If you're going to get all riled up because it's not exercising your brain enough, or sick of the sight of gorgeous people carrying on in Las Vegas and elsewhere, then please avoid.
But if you're a fan of either of its leading lights, and in need of the sight of some slight hi-jinks to get you through the working week, by all means don't let me stop you.
It was perhaps inevitable that Cameron Diaz and Ashton Kutcher would eventually be cinematically paired up. Both former models who have successfully made the move to movies - and stayed there for more than a nano-second -, they have instant Gap-ad appeal which has made the advertising campaign for this project very easy on the eye.

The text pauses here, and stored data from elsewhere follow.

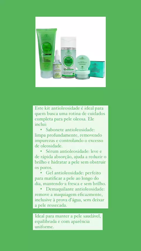 Este kit antioleosidade é perfeito para uma rotina completa de cuidados com a pele oleosa. Com limpeza profunda, hidratação leve e controle de brilho, ele garante uma pele fresca e equilibrada. #PeleOleosa #CuidadosComAPele #RotinaDeSkincare #Antioleosidade #SkincareDiário
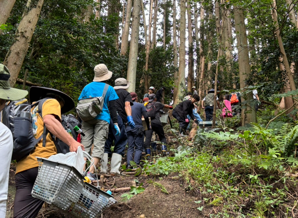 いやーしかし人が多い!足元悪い中ありがとうございます。出島プロジェクト,島民,地域おこし協力隊でつくった階段,大活躍です。
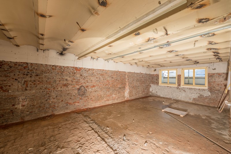 Bij het inspecteren van het bouwwerk kijken we of de kelder is opgebouwd uit beton of metselwerk. Het kan ook zijn dat de vloer van beton is en er een gemetselde stenen vloer ligt. Ook kijken we of er een deklaag van cement aanwezig is en hoe de aansluiting is van de wand op de vloer.
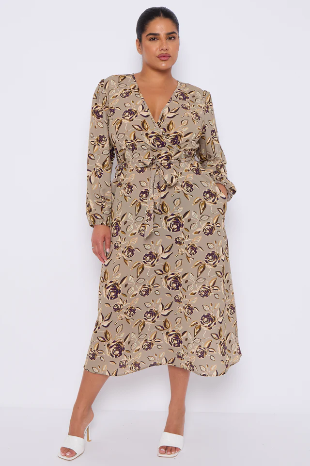 Olivia Taupe Print Crossover Midi Dress
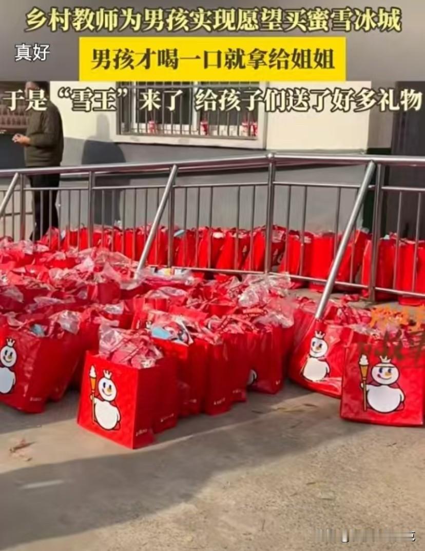 蜜雪冰城有大爱! 乡村教师为男孩实现愿望买蜜雪冰城,男孩才喝一口就拿给姐姐。于是“雪王”来了,给孩子们送了好多礼物! 多好,多有爱心的企业,蜜雪冰城 这次为香港大埔火灾捐款2000万港元。就爱点雪王的奶茶,就冲它便宜还老爱给灾区和有需要的人捐款,感觉我喝的不是奶茶而是给需要的人捐款,奶茶只是附带品。 无论是否是营销手段,只要企业为社会上的软弱面出钱出力的,我都一律买企业产品。每个人支持一杯,很多留守儿童和老人,都会开心好几天。
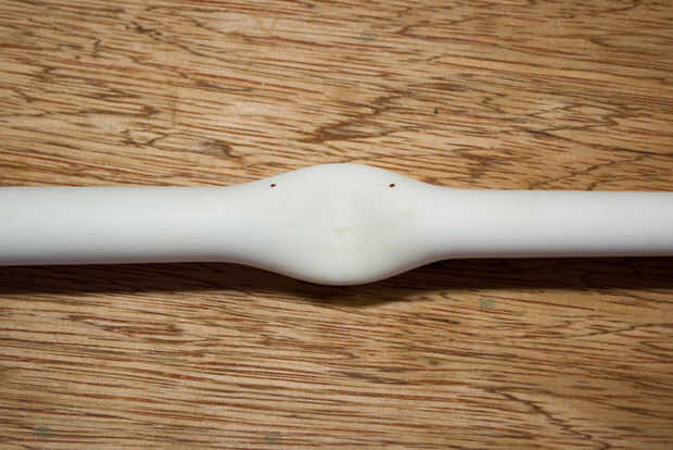 A continuación calentar la sección de una pulgada entre las dos marcas hasta que esté lo suficientemente suave como para presionar. Dos pedazos de tubo de 1/2 pulgada chatarra hacen una buena forma para presionar la manija. Debería ser alrededor de 1/2 una pulgada de ancho entre los surcos.
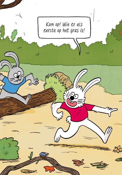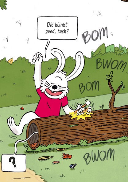 Twee nieuwsgierige konijnen vinden trommelstokken in het bos. Maar... waar is de trommel? Zo begint een vrolijke speurtocht door het bos!
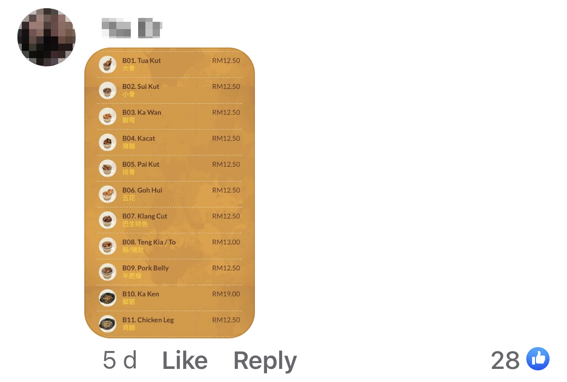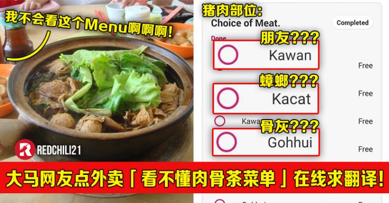 近日一名脸书网友发文求助,看不懂外卖平台上的一家肉骨茶菜单,在线等翻译!
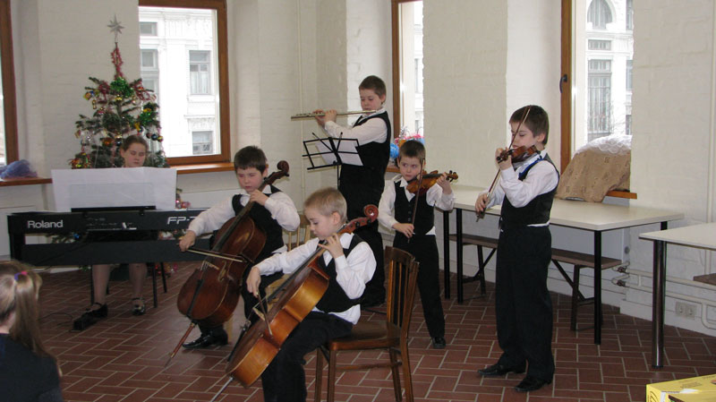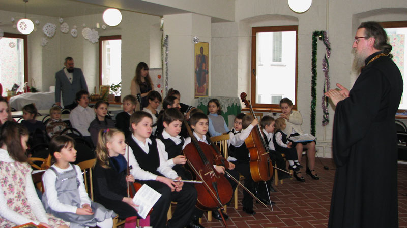 Следующий детский музыкальный праздник предполагается провести 9 марта.да в храме святой мученицы Татианы прошел Рождественский фестиваль воскресных школ Центрального благочиния. В программе фестиваля были рождественские песни и колядки, небольшие сценки на тему Рождества. Ребята из многодетной семьи нашего прихода составили ансамбль из шести исполнителей, который исполнил музыку Евгения Доги из кинофильма «Мой ласковый и нежный зверь».
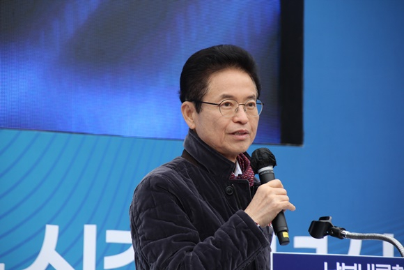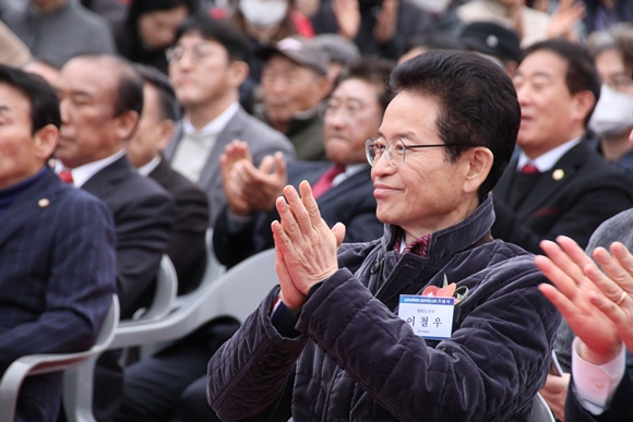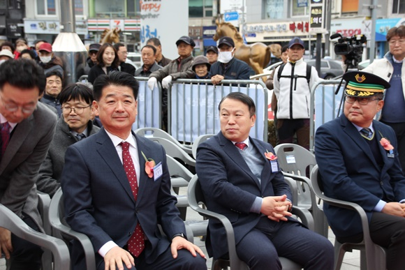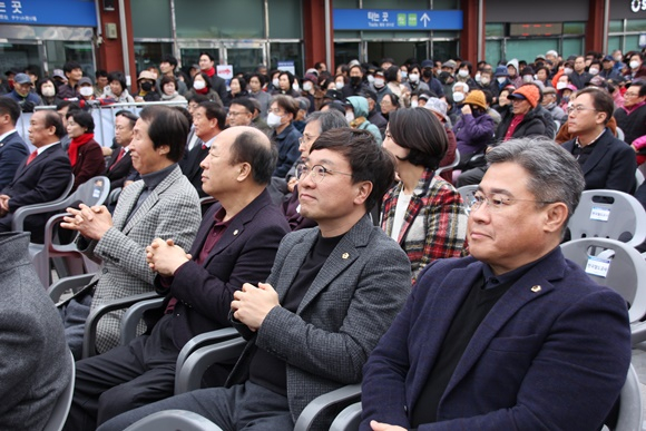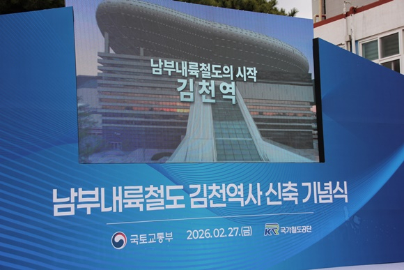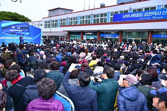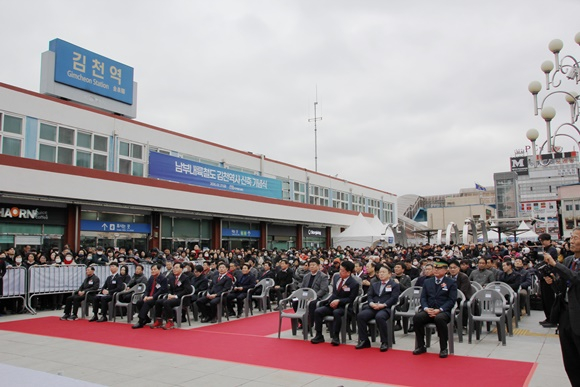 김천시(시장 배낙호)는 2월 27일 국가철도공단 주최로 김천역 광장에서 「남부내륙철도 김천역사 신축 기념식」을 개최했다.
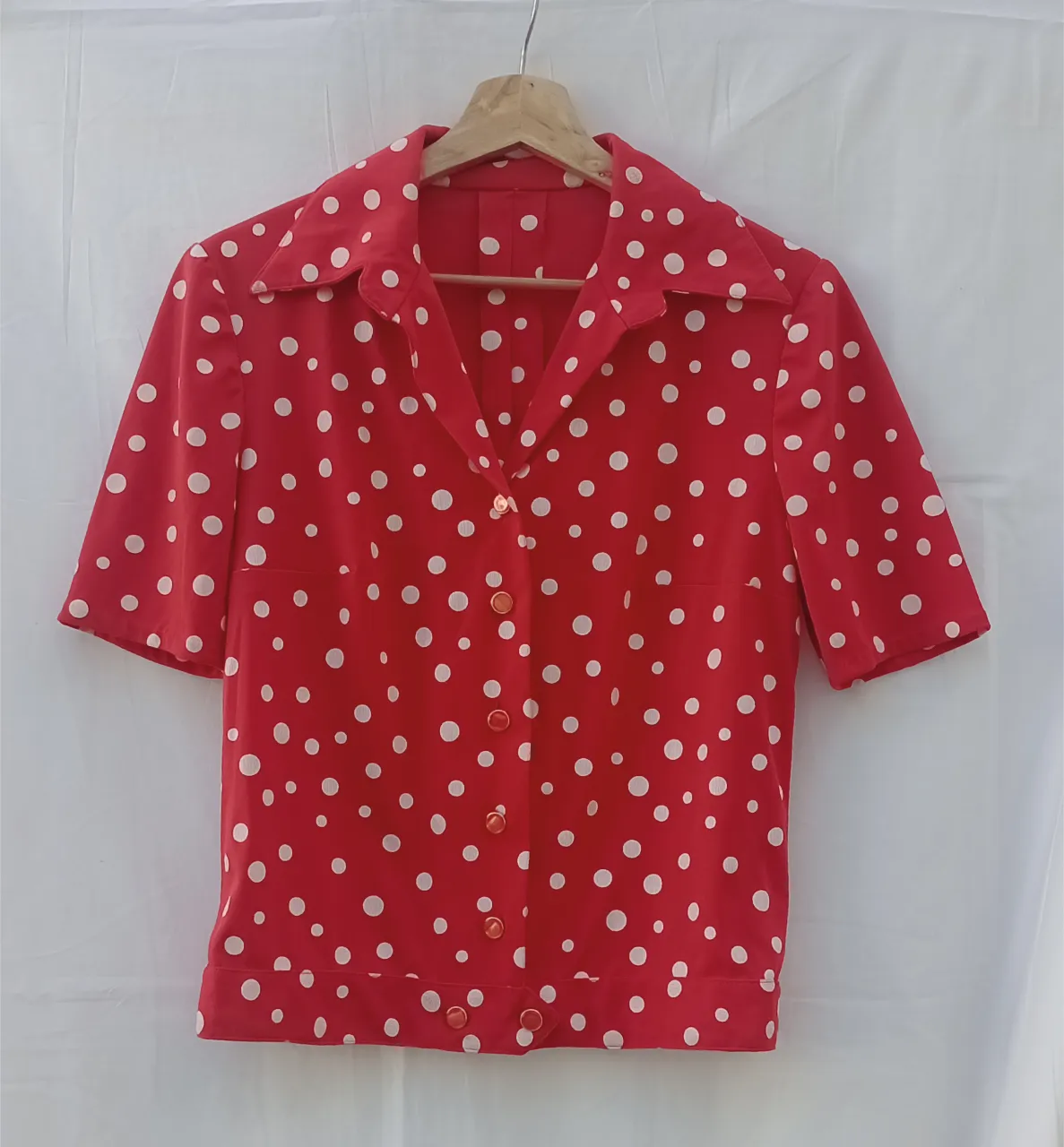 ¡Divina camisa roja con lunares blancos! Un clásico que nunca pasa de moda, perfecta para darle un toque retro y alegre a tu look. Ideal para combinar con jeans o una pollera.
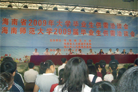 4月11日早上8點(diǎn)半,海南師范大學(xué)主辦,3721人才網(wǎng)協(xié)辦的海南師范大學(xué)2009屆畢業(yè)生供需洽談會(huì)準(zhǔn)時(shí)開幕。共青團(tuán)海南省委孫喆書記、海南省人力資源開發(fā)局林志向局長、?谑腥肆Y源開發(fā)局黃維新副局長等省市部門領(lǐng)導(dǎo)、海南師范大學(xué)韓長日校長、陳封椿副書記及我司總經(jīng)理李超先生等嘉賓在主席臺(tái)前就座。
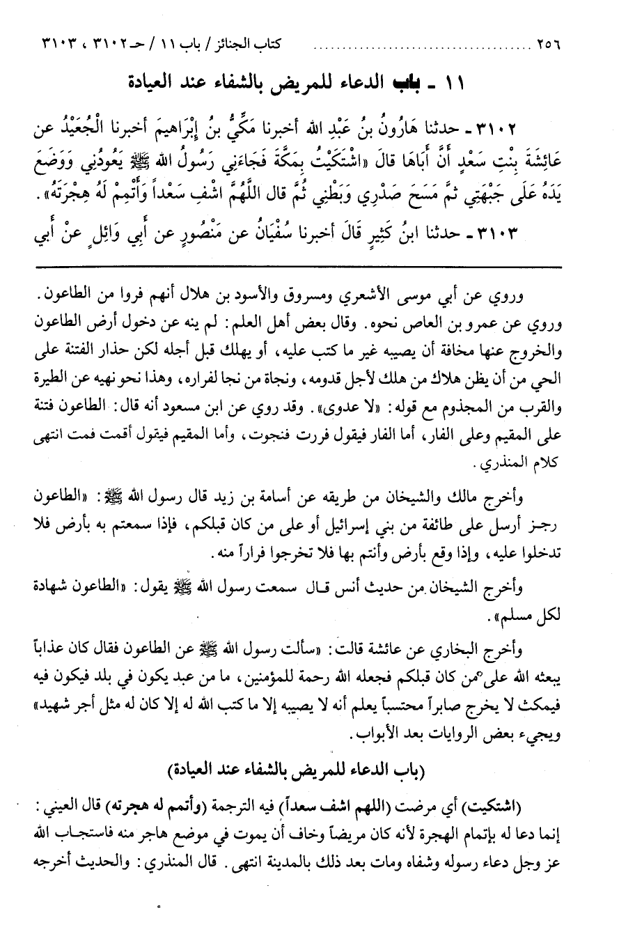 ([3104] بَاب الدُّعَاءِ لِلْمَرِيضِ بِالشِّفَاءِ عِنْدَ الْعِيَادَةِ)
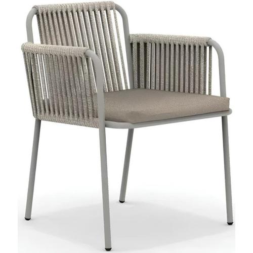 - Спинка и подлокотники оплетены синтетическим роупом - запатентованным итальянским полиолефиновым волокном для наружного применения (65% Olyna/35% Polyester). Материал обладает водонепроницаемостью, устойчив к образованию пятен, к ультрафиолетовым лучам, хлору, влажности, а также антибактериален. Материал пригоден для вторичной переработки и нетоксичен.
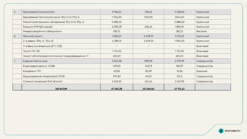 У відкритій частині плану зібрані ключові пропозиції щодо посилення захисту та резервування критичної інфраструктури Києва — зокрема в енергетиці, теплопостачанні та водозабезпеченні.
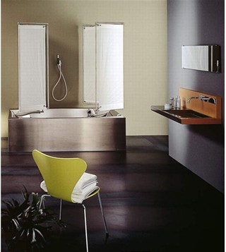 衛(wèi)生間的設計基本上以方便、安全、易于清洗及美觀得體為主。由于衛(wèi)生間的水氣很重,內部裝潢用料必須以防水材料為主。浴室的墻壁和天花板所占面積最大,所以應選擇既防水又抗腐蝕和防霉的材料來確保室內衛(wèi)生,瓷磚、強化板和具防水功能是塑料壁紙都能達到這些要求。天然石料如大理石則具有特殊的質感,但可異在狹小的衛(wèi)生間內發(fā)揮不了效果。
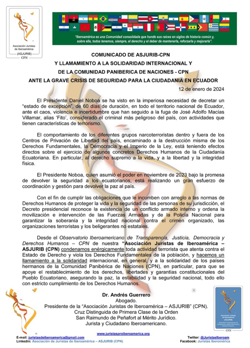 El COMUNICADO de fecha 28 de enero de 2024 que nos entrega nuestro Presidente, el Jurista y Ciudadano Iberoamericano Dr. Andrés Guerrero emitido por el Capítulo Español del Bloque Constitucional de Venezuela, del que él es miembro honorario, y que preside el Dr. Carlos J. Sarmiento Sosa, miembro activo de nuestra entidad, y del que extractamos y destacamos alguno de sus párrafos:
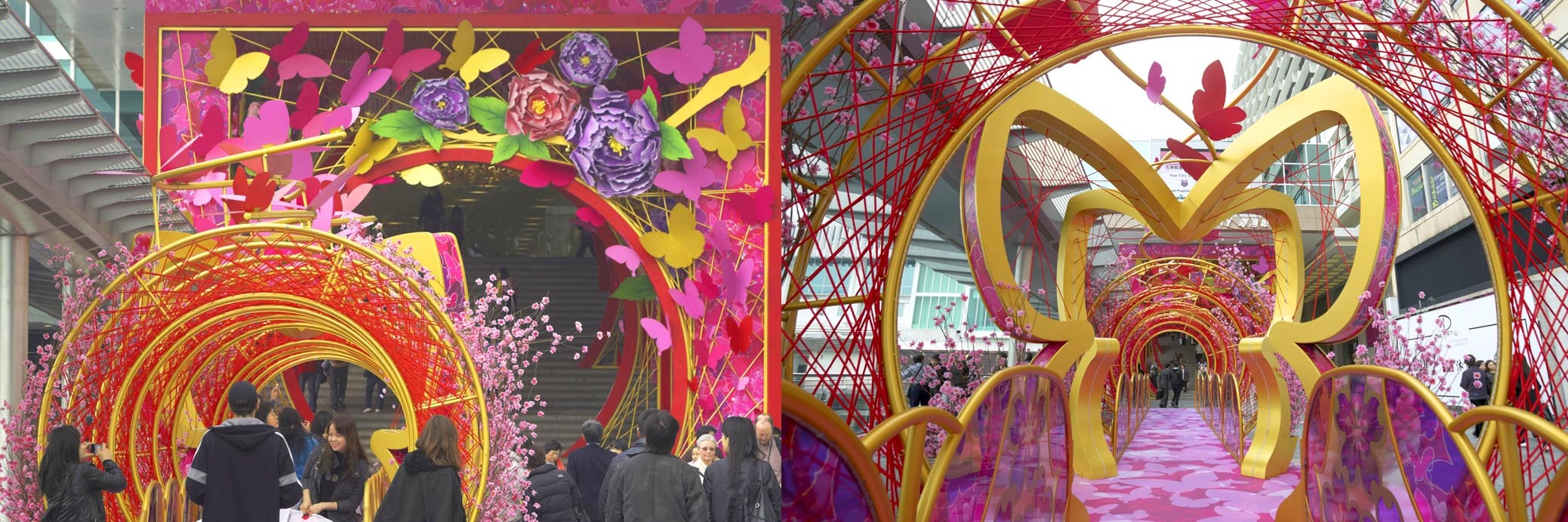 海港城海運(yùn)大廈正門設(shè)置以金色及桃紅色為主色,桃紅色的柱身及長(zhǎng)廊布滿了三千多只金色喜蝶,在巨型牡丹花叢襯托下翩翩起舞。而正門天花更掛上了3 組由許多只蝴蝶組成的12尺闊巨型喜蝶,俏麗的喜蝶在花叢中欣然起舞,春意盎然般躍現(xiàn)活潑朝氣,寓意“花開富貴”、“喜蝶迎春”,跟大家一起迎接新春佳節(jié)。
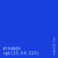 Цвет #1940DF в цветовой модели RGB обозначается тремя октетами (25, 64, 223) в десятичном формате и #1940DF в шестнадцатиричном (hex) формате, которые являются интенсивностью красного 25 (hex 19), интенсивность зелёного 64 (hex 40) и интенсивность синего 223 (hex DF).
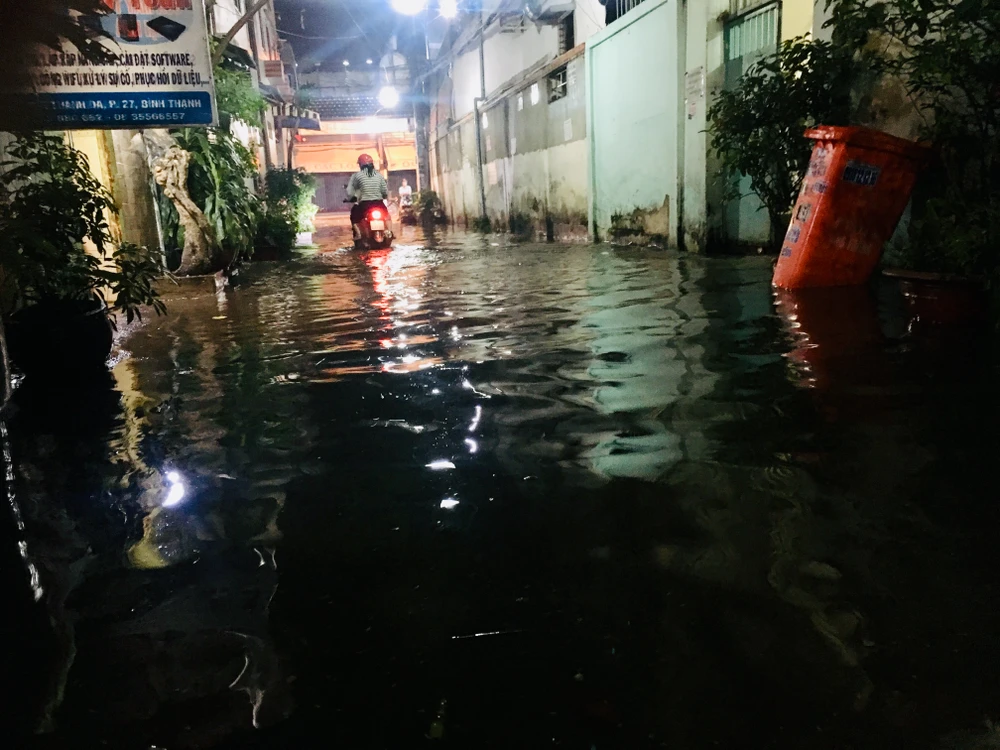 Đến tối 1-10, nhiều khu vực tại TP.HCM vẫn chìm trong nước bẩn: như Bình Thạnh (đường D2, Bình Quới…), quận 2 (phường Thảo Điền).

Their characters, control freak Joy and commitment-phobe Jack, meet in Vegas. Both are on a mission to enjoy themselves, she having recently been dumped by her fiancé, he having been fired from his dad's construction business. So, in what should be a warning to anyone, they have a Britney Spears-style wild night on the sauce and wake up married.
But the next morning, he uses her coin to win a three-million-dollar jackpot. With their nuptials consummated, a judge breaks the news that they must stay married for six months and try to make their relationship work (only in filmland would this occur) before either of them can get their hands on the cash.
As you would quite rightly have predicted, each tries to force the other into breaking their vows, attempting to gain the upper hand in securing the majority of the money, despite the efforts of their marriage counsellor (Queen Latifah).
Cue plenty of crazy antics as the duo employ underhand means to catch the other out, and obtain crucial evidence of spousal abuse, aided and abetted by their respective best friends, Tipper (Lake Bell) and the interestingly named Hater (Rob Cordry).
As Kutcher proved as Michael in That 70s Show - and even in the risible Cheaper by the Dozen - he can make stupid male characters very appealing, and, to an extent, he does so again here. His enthusiasm and wholehearted abandon to whatever shenanigans the plot makes him become involved in are rather refreshing, and he's matched, scene for scene, by Ms Diaz.
Whatever you can say about this film, you can't say that its leads aren't trying their absolute utmost to make it all palatable.
I feel some way inclined to support it because it's the first big Hollywood break for Scottish director Rob Cordry, who cut his teeth on Cold Feet and was behind the great adaptation of Starter for Ten, starring James McAvoy.
He obviously hasn't been given Pullitzer Prize-winning material to deal with, but mines it for all it's worth. And however much the latter is will be entirely dependent on you.